[[ RECORDS PROVIDED, beginning ]]
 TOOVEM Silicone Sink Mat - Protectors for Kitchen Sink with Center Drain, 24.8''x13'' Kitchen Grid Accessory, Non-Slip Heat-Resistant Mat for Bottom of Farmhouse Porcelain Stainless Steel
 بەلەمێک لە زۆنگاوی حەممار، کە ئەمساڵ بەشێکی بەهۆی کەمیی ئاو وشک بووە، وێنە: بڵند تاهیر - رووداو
[[ RECORDS PROVIDED, end ]]
[[ RECORDS PROVIDED, beginning ]]
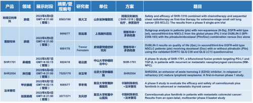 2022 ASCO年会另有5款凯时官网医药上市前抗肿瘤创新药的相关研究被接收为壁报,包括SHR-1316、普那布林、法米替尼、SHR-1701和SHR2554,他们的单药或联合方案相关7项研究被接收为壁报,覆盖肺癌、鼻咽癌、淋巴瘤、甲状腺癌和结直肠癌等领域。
[[ RECORDS PROVIDED, end ]]
[[ RECORDS PROVIDED, beginning ]]
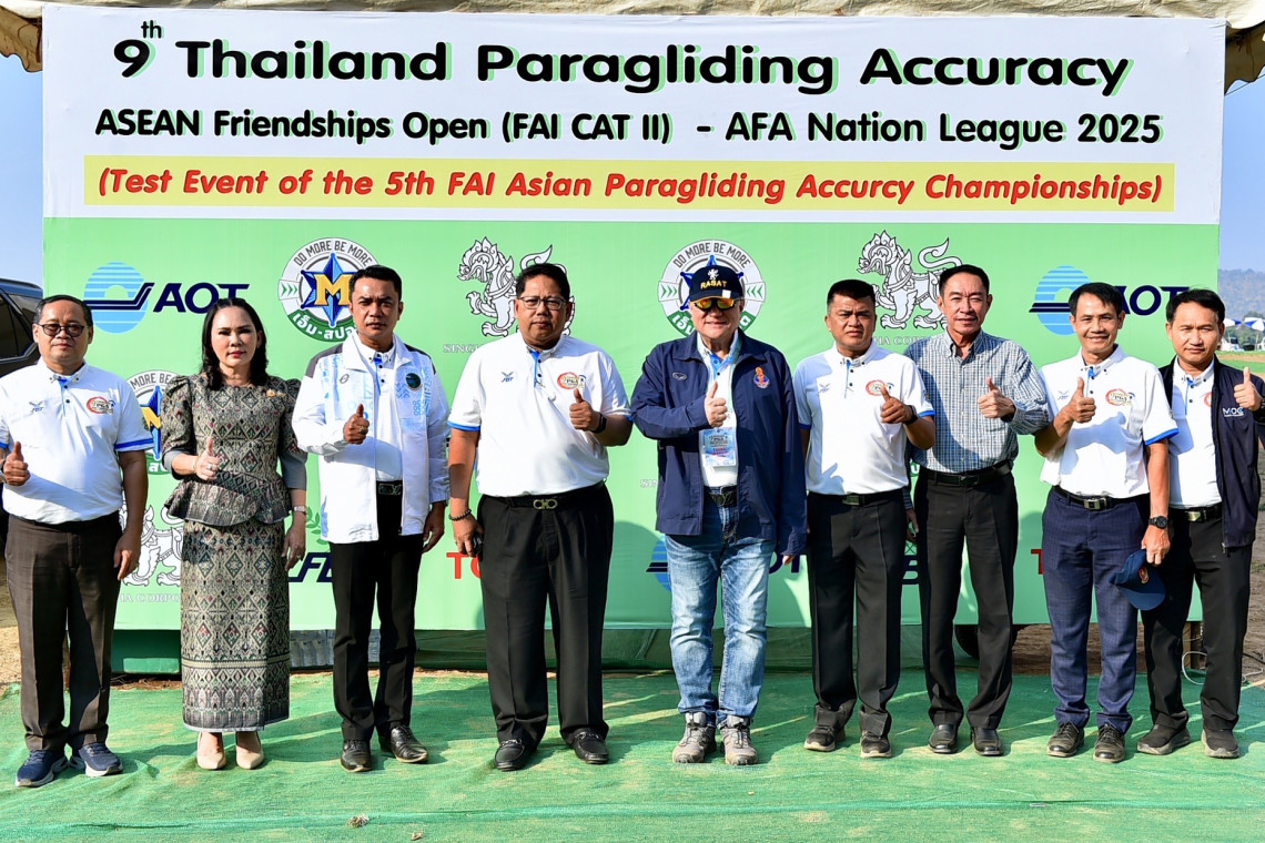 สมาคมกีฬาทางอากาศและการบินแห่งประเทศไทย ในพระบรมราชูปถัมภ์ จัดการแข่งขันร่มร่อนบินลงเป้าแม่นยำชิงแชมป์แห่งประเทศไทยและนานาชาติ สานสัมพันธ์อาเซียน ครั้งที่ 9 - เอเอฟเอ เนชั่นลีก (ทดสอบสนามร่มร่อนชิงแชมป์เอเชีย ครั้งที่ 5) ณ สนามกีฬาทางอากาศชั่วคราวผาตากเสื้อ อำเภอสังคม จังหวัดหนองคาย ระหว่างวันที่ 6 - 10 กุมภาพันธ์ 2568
[[ RECORDS PROVIDED, end ]]
▶ [TASK DETAILS] Using the entries above, repeat only the lines from the one containing "TOOVEM Silicone Sink" through the one containing "بەلەمێک لە زۆنگاوی", end lines included.

▶ [SOLUTION TO THIS TASK]
 TOOVEM Silicone Sink Mat - Protectors for Kitchen Sink with Center Drain, 24.8''x13'' Kitchen Grid Accessory, Non-Slip Heat-Resistant Mat for Bottom of Farmhouse Porcelain Stainless Steel
 بەلەمێک لە زۆنگاوی حەممار، کە ئەمساڵ بەشێکی بەهۆی کەمیی ئاو وشک بووە، وێنە: بڵند تاهیر - رووداو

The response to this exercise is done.